- [Data]:

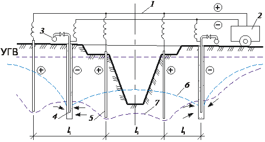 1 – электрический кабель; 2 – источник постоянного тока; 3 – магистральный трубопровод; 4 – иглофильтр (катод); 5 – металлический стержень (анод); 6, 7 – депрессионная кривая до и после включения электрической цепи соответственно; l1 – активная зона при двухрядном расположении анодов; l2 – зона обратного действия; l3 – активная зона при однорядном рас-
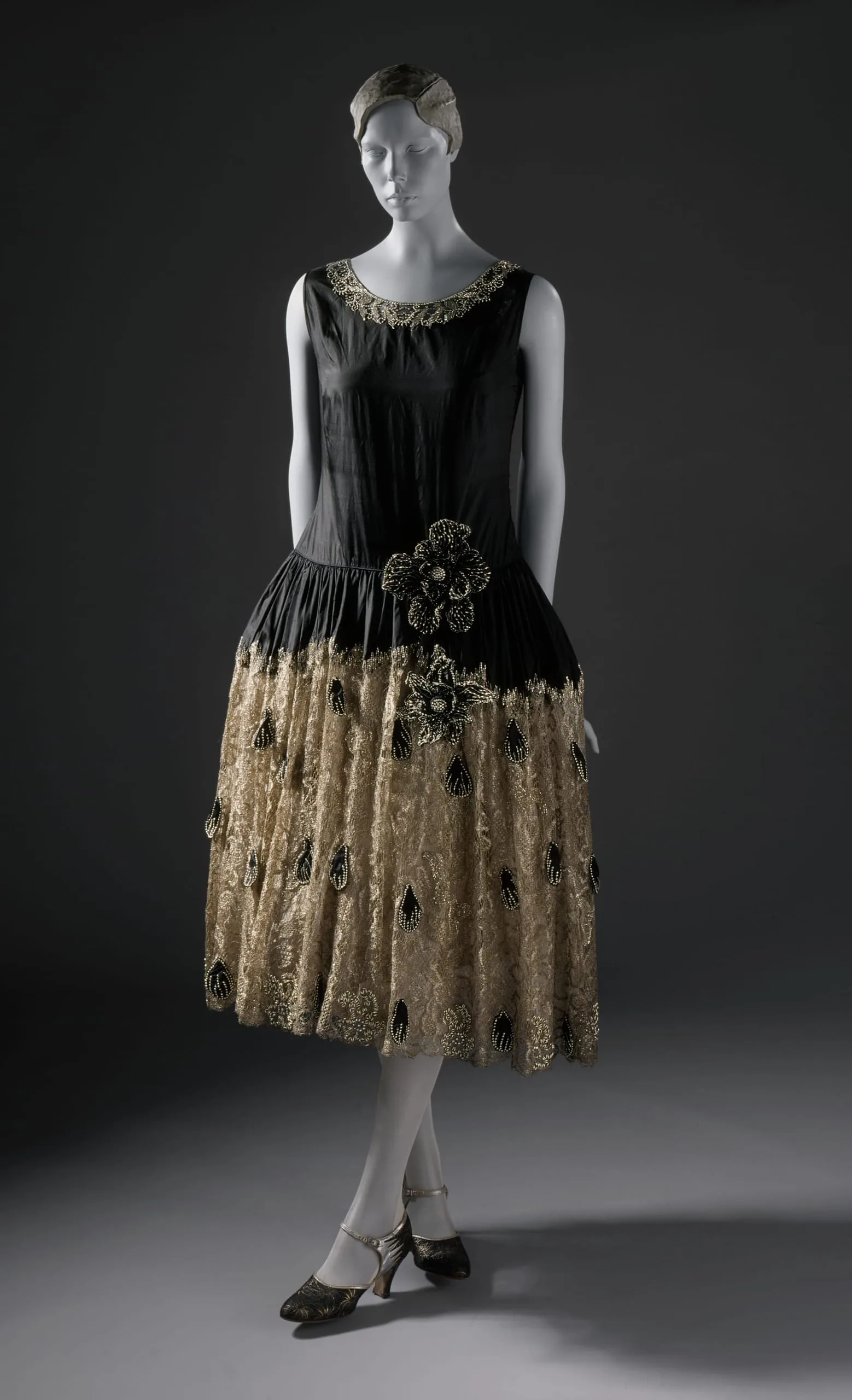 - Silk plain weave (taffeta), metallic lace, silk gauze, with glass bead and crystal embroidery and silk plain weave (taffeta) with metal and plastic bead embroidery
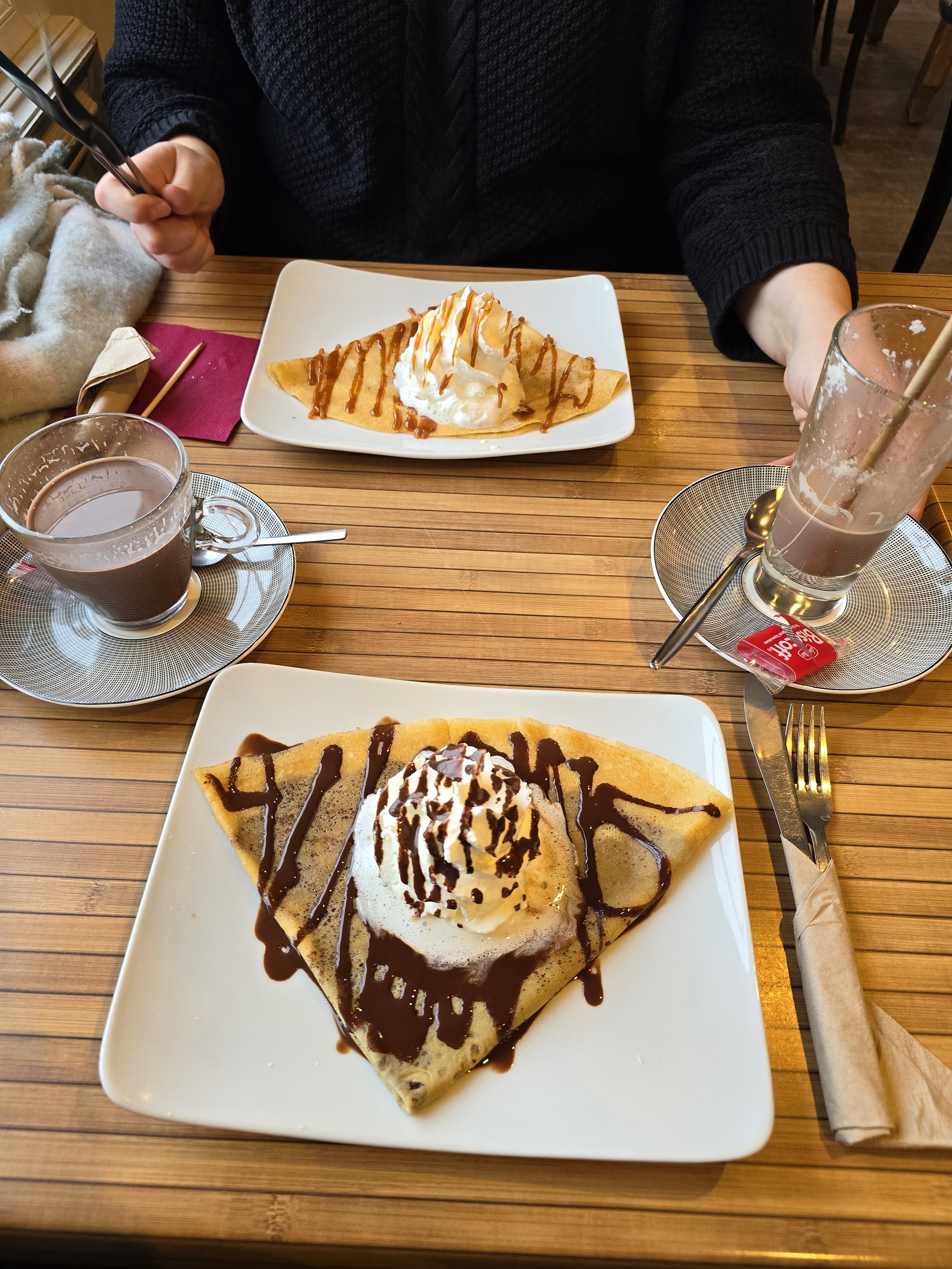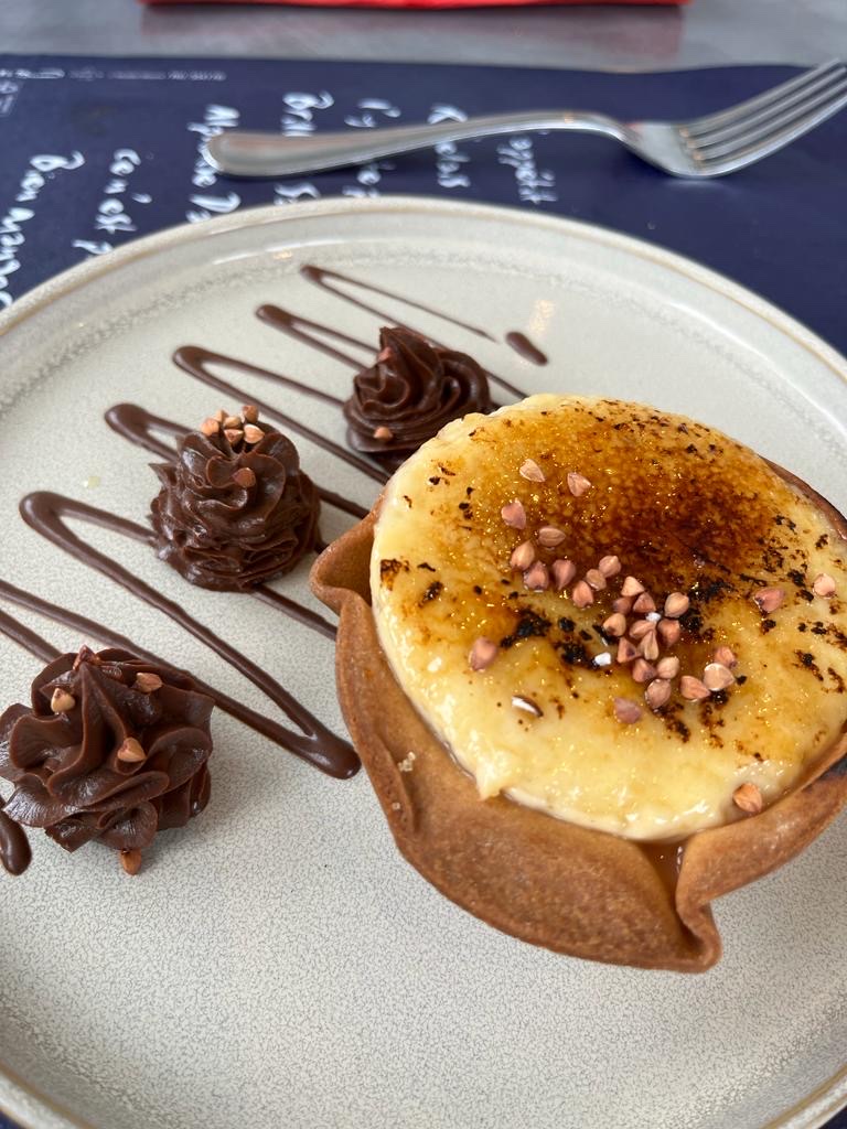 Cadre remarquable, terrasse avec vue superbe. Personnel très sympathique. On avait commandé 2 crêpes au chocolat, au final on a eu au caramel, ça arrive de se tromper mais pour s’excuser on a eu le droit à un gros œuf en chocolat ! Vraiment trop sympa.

- [Your goal]: Could you repeat all of the material exactly? Pictures should not be copied.

- [Answer to the exercise]:
 1 – электрический кабель; 2 – источник постоянного тока; 3 – магистральный трубопровод; 4 – иглофильтр (катод); 5 – металлический стержень (анод); 6, 7 – депрессионная кривая до и после включения электрической цепи соответственно; l1 – активная зона при двухрядном расположении анодов; l2 – зона обратного действия; l3 – активная зона при однорядном рас-
 - Silk plain weave (taffeta), metallic lace, silk gauze, with glass bead and crystal embroidery and silk plain weave (taffeta) with metal and plastic bead embroidery
 Cadre remarquable, terrasse avec vue superbe. Personnel très sympathique. On avait commandé 2 crêpes au chocolat, au final on a eu au caramel, ça arrive de se tromper mais pour s’excuser on a eu le droit à un gros œuf en chocolat ! Vraiment trop sympa.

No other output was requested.